Knowledge is a matter of the mind. But what about the knowledge embodied by bodies? Racialized bodies, sexualized bodies, traumatized bodies, socially normed bodies? (Lose a few pounds!) Bodies are a tangle of intuitive information, projections, speculations. And this tangle has a noticeable effect on the mind, not least on the minds – and perceptions – of others.
Do Not Read This Body © Olave Nduwanje
Take, for instance, Olave Nduwanje’s performance lecture: It examines human manifestations and related learning processes under the keyword Bodies.It’s about identities, power relations and communities that are constructed by bodies.

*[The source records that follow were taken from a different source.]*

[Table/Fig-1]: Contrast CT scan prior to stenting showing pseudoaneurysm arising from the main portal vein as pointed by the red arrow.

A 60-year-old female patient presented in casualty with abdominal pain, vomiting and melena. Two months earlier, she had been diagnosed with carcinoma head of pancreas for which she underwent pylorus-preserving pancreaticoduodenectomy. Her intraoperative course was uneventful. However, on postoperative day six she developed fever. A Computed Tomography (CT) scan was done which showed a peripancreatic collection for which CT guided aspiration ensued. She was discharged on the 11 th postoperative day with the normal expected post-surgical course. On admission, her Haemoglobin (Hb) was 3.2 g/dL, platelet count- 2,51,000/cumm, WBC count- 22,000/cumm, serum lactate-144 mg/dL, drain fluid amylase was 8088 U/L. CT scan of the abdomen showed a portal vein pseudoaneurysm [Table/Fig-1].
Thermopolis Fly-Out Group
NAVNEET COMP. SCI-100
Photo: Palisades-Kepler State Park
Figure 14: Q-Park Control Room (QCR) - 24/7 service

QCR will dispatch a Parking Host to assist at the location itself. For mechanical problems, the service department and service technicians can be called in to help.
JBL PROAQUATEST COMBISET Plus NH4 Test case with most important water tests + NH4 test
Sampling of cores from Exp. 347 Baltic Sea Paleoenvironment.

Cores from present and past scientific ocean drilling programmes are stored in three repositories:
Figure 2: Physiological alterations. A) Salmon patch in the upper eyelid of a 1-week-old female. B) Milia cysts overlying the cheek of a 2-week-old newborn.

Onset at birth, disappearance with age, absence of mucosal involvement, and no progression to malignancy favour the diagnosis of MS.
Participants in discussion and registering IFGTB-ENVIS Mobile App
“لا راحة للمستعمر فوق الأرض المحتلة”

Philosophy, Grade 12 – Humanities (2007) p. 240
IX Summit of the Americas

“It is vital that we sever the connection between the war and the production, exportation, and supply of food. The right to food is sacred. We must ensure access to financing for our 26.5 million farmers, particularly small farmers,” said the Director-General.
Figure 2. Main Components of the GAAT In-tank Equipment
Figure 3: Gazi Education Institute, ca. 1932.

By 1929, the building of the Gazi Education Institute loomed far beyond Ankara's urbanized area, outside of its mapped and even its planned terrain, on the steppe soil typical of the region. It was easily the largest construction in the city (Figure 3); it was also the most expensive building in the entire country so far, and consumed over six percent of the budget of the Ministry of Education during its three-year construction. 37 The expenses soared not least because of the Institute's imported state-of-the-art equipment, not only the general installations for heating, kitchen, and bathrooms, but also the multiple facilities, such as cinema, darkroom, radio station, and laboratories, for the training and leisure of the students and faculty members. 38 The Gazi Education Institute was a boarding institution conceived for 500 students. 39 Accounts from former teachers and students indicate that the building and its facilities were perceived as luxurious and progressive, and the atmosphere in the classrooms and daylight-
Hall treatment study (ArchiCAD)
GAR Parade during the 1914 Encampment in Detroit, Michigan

But it’s also about inscribed experiences and the possibility of interpreting them differently.
In the Cultural Education program, for example, physical disabilities are exposed as social impediments and the experience of violence and the emancipation of transsexual bodies are articulated in an opera performance. Likewise, physical experiences of corporeality are explored as part of groups, nature or technologies.

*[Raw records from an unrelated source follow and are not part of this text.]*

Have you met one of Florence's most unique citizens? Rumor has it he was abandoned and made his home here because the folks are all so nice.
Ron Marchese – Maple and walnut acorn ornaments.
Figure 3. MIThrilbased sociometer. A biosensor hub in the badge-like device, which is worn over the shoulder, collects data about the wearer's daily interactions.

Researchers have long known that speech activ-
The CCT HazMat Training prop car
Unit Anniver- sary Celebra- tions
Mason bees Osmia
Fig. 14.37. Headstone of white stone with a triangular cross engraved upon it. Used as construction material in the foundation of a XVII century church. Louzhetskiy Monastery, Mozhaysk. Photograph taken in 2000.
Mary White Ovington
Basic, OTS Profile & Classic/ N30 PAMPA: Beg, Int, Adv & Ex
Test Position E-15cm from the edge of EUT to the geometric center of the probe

How body knowledge can be comprehensible is only slowly taking shape as a movement between learning and unlearning, the process that questions and, in the best case, dismantles habitual patterns of perception. Here, the mind is just a part of the body, of many bodies. What knowledge forms what education? Going back to the tangle of information, projections and speculations: Now that you can no longer see me, can you hear me better?